The invention has been described with reference to the preferred embodiment. Modifications and alterations will occur to others upon a reading and understanding of the preceding detailed description. It is intended that the invention be construed as including all such modifications and alterations insofar as they come within the scope of the appended claims or the equivalents thereof.

Claims

1. A friction pump comprising:

a housing;

a shaft which is supported in the housing by bearings;

a rotor which has a central borehole and which is mounted onto the shaft in an area of said borehole; and,

a ring groove that encompasses a joint area between the rotor and the shaft provided in an area of at least one of front and rear faces of said rotor, the ring groove being limited by an inner and an outer rotor section, the inner rotor section, including a reinforcing ring made of a high strength material with small thermal expansion.

2. The friction pump according to claim 1, wherein the reinforcing ring encompasses a cylindrically shaped rotor section.

3. The friction pump according to claim 1, wherein the reinforcing ring encompasses a thrust transmitting member encompassing a rotor section.

4. The friction pump according to claim 3, wherein contact surfaces of the thrust transmitting member and the related rotor section are conical.

5. The friction pump according to claim 4, wherein the cone shaped rotor section is located within a recess on a high-vacuum side and forms a ring groove with the outer rotor section.

6. The friction pump according to claim 5, wherein the shaft projects into the recess and is equipped with a thread, and where a nut presses the thrust transmitting member on to the rotor section.

7. The friction pump according to claim 6, wherein the rotor is made of aluminum, the shaft, thrust transmitting member, and nut are made of steel, and the reinforcing rings are made of carbon fiber composite.

8. The friction pump according to claim 5, wherein the inner rotor section of the ring groove also encompasses the conical section for the thrust transmitting member and a further cylindrical section.

9. The friction pump according to claim 8, wherein each reinforcing ring is assigned to both the thrust transmitting member and the cylindrical section.

10. A turbomolecular vacuum pump comprising:

a stator supported in a housing;

a shaft rotatably mounted to the housing and disposed within the stator;

a rotor rotatably received in the stator, the rotor including:

a central well in a high vacuum face of the rotor,

a projecting portion extending from an inner end of the central well, the projecting portion having a conical surface at an outer end thereof,

a bore extending from a low vacuum face of the rotor, through the rotor and centrally through the projecting portion;

a thrust ring received on the shaft and having a conical inner surface that is received on the projecting portion conical surface, an innermost face of the thrust ring being displaced from the inner end of the central well.

11. The turbomolecular vacuum pump according to claim 10 further including:

a reinforcing ring made of a high strength material which has a lower thermal expansion than the rotor, the reinforcing ring encircling and compressing one of:

the thrust ring,

the projecting portion in the central well below the thrust ring, and

a cylindrically-shaped rotor section which surrounds the shaft at the low vacuum face of the rotor.

12. The turbomolecular pump according to claim 11 wherein:

the rotor is made of aluminum; and,

the reinforcing ring is made of one of steel and carbon fiber composite.
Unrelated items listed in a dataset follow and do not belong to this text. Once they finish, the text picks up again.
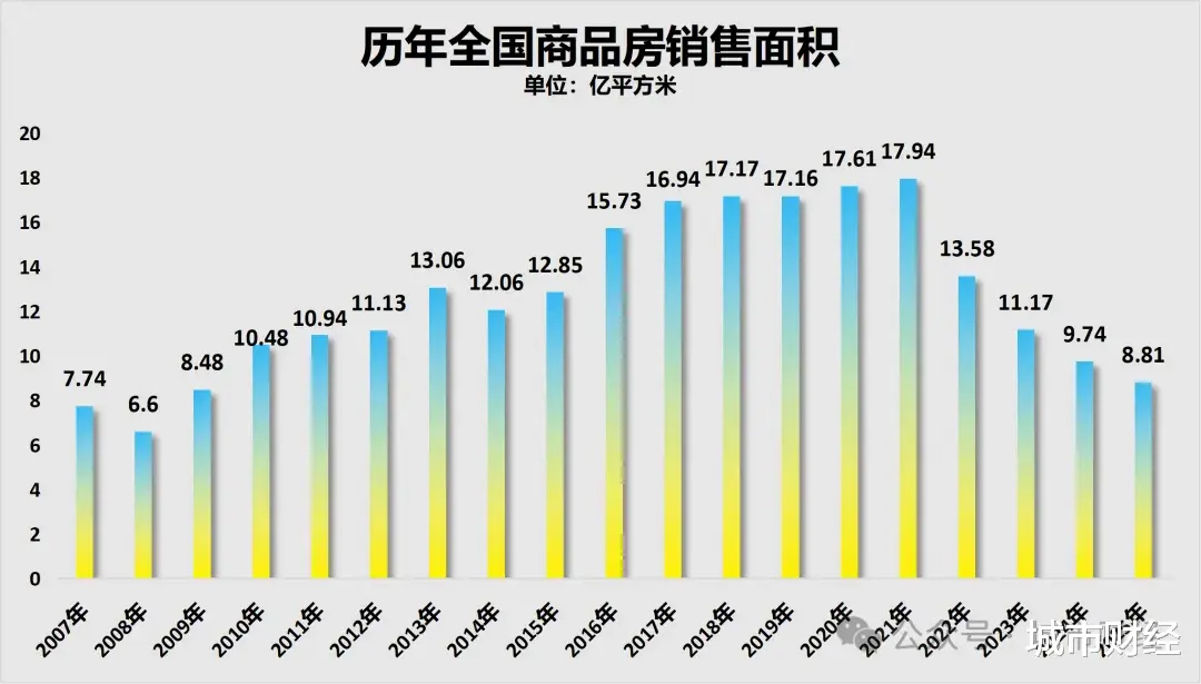 2025全年商品房成交数据跌破“双9”,进入“双8”,也即商品房销售额跌破9万亿,商品房销售面积跌破9亿平方米。
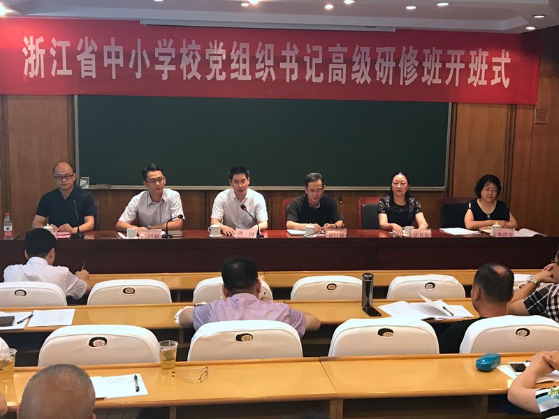 7月14日,由我校承担的“浙江省首届中小学校党组织书记高级研修班”开班仪式在杭州举行。校长洪岗,教育厅基础教育处处长方红峰、师范处主任科员岑超超等出席开幕式。
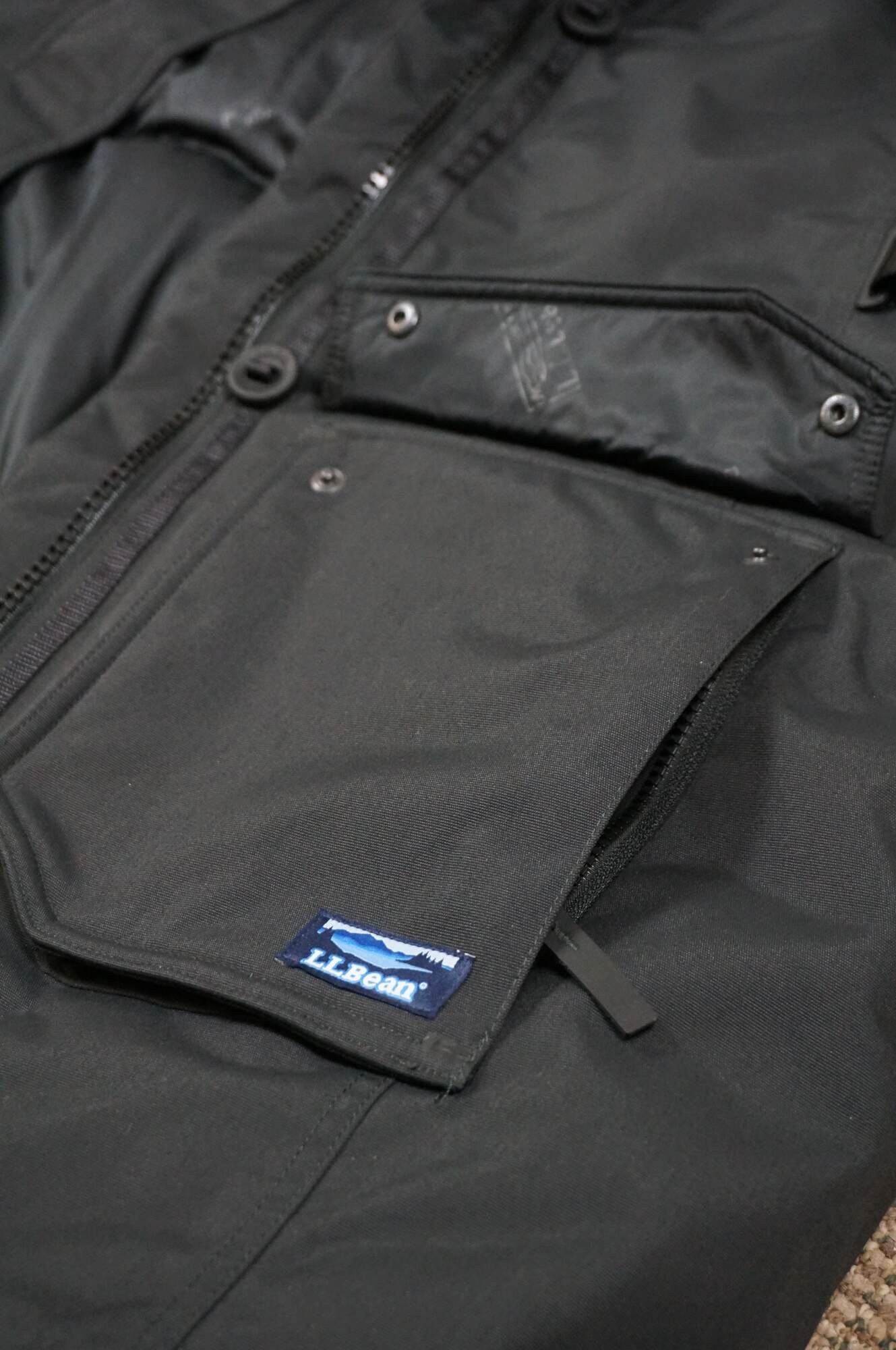 Pockets: Two lower patch pockets with snaps, one internal zip pocket, one internal patch pocket
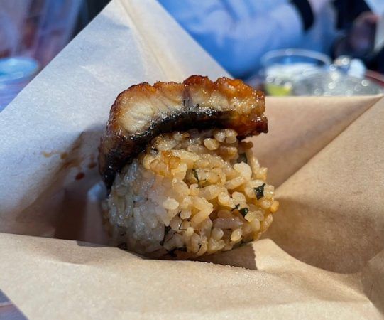 この鰻むすび!まぜご飯も鰻もふわっふわっでおいしかったあ。1個じゃ足りない!という方はお持ち帰りもありますよ。
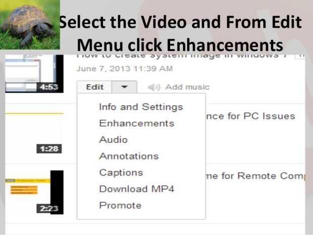 Paso 3: Ahora hay que seleccionar el vídeo y desde menú Edición haga clic en mejoras
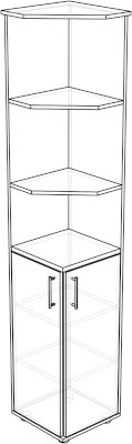 Шкаф идеально подходит для завершения модельного ряда как с левой так и с правой стороны. В верхней части шкафа находится секция с полками, в нижней полки за закрытыми фасадами. Может быть использован как дополнительный модуль ПР-7 или как самостоятельное изделие.

13. A friction pump comprising:

a housing;

a shaft supported in the housing by bearings;

a rotor having an inner rotor section and an outer rotor section, a central bore hole being defined through the inner rotor section, the shaft extending into the bore hole and being connected with the inner rotor section, the rotor having a ring groove defined in at least one of front and rear faces of the rotor, the ring groove being limited by the inner and outer rotor sections;

a reinforcing ring disposed in the ring groove surrounding a portion of the inner rotor section between the central bore hole and the ring groove to reinforce the portion of the inner rotor sections.